Joy, Anarchy and Survival Amongst the Ruins in Kharkiv
- Matthew Parish
- 3 days ago
- 4 min read

To walk the streets of modern Kharkiv is to straddle two worlds: one of pulverised concrete and caved-in roofs, the other of laughter in underground cafés and the clink of spoons stirring instant coffee in bomb shelters. This northeastern city, once Ukraine’s second largest and a beacon of academia and culture, has become something of a paradox—an urban hellscape forged by Russian aggression, yet electrified with the stubborn, irrepressible vitality of its citizens.

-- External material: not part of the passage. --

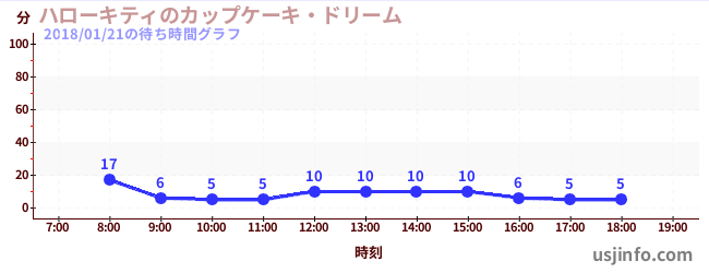 • ハローキティのカップケーキ・ドリーム$B$N(B2018年01月21日の待ち時間

Since the early days of the full-scale Russian invasion in February 2022, Kharkiv has stood as both a target and a symbol. Barely 40 kilometres from the Russian border, she was among the first to be shelled, besieged, and bled. Her vast Soviet-era apartment blocks—those endless rows of grey monoliths—have become favourite targets for glide bombs and S-300 missiles. Her once-grand postmodern skyline, punctuated by the stately Derzhprom building and the onion domes of churches that somehow remain standing, is now pocked with wounds. At night, the city glows not with neon but with the intermittent flicker of fires and the strange bluish light of anti-aircraft batteries rising to meet Shaheed drones and Iskander strikes.
And yet Kharkiv breathes.
She breathes in the small ways: the graffiti murals that sprout like weeds on walls near the university ruins, some of them scrawled with ironic slogans—“WELCOME TO HELL” beside a smiley face; or “POST-APOCALYPSE ZONE: ENTRY FREE”. She breathes through the laughter of students from the Polytechnic Institute, who gather in the metro station vestibules to swap war stories and charge their phones from hacked-together battery stations. It breathes in the anarchic freedom of a city so broken that the usual rules seem no longer to apply, and from that absence of structure emerges an intoxicating, slightly reckless joy.
Curfews are strict, and for good reason. Russian missile strikes often come at night, and the city’s defenders rely on darkness to move unseen. But before the nightly lockdown, there is a strange hour—perhaps between five and seven in the evening—when the air smells faintly of diesel generators, and people begin to emerge from their shelters. They congregate in unexpected places: a wine bar that now sells mostly beer and canned food, operating out of a basement beneath a collapsed shopping centre; a punk club in Saltivka whose ceiling is reinforced with scaffolding, where poets perform beside empty shell casings. Music—sometimes scratchy techno, sometimes folk songs sung in drunken unison—echoes in alleyways. The spirit is almost Dionysian.
But one must not romanticise ruin. The hardships are constant and cruel. Electricity and water outages are regular, especially in the suburbs. Queues form daily for humanitarian bread and military rations. Many residents sleep in corridors, away from the windows, because no one knows when the next shockwave will shatter the glass. Children learn arithmetic to the accompaniment of air raid sirens, their schools now housed in underground stations. Pets are tied up near entrances so they can be found if the house collapses.
The psychological strain is relentless. In many parts of Kharkiv, especially near the front-facing districts like Pivnichna Saltivka, entire blocks lie abandoned, their walls torn away like peeled fruit, revealing bedsheets flapping in the wind. Survivors speak softly, if at all, about neighbours buried in their homes. The elderly often sit on makeshift benches outside damaged buildings, chain-smoking and silent, eyes unfocused on anything visible.
Yet in the same space, a kind of moral and emotional clarity has taken root. With the collapse of the ordinary has come a resurgence of community. Young people organise informal defence networks, delivering medicine, running solar-powered internet relay nodes or clearing rubble. Soldiers, briefly rotated away from the Zero Line, find solace in the city’s chaos. It reminds them that the spirit of Kharkiv has not been razed, only stripped of her finery.
Language in Kharkiv has also evolved. Once a predominantly Russian-speaking city, Kharkiv is now linguistically fractured in a peculiar way: some speak Ukrainian with deliberate pride, others switch between Russian and Ukrainian depending on context, and many overlay it all with English profanities learnt from TikTok or drone warfare manuals. The linguistic chaos mirrors the city’s existential flux—Kharkiv is not quite what she was, not yet what she will become, but intensely alive in her in-between.
Kharkiv is a city in a state of vigil: not dead, not thriving, but radiating with the fierce energy of survival. Every missile that misses, every tram that still runs, every illegal rave thrown in a half-collapsed warehouse is a small act of defiance, an affirmation of life. This is anarchy not as collapse but as resistance—the absence of imposed order revealing the moral geometry of a people who, lacking protection from the heavens, have built their own kind of justice among the ruins.
One might see it that Kharkiv is less a city than a declaration. She shouts through her shattered windows and reverberates across cratered streets: we are still here. And that, in the hellscape, is a kind of joy.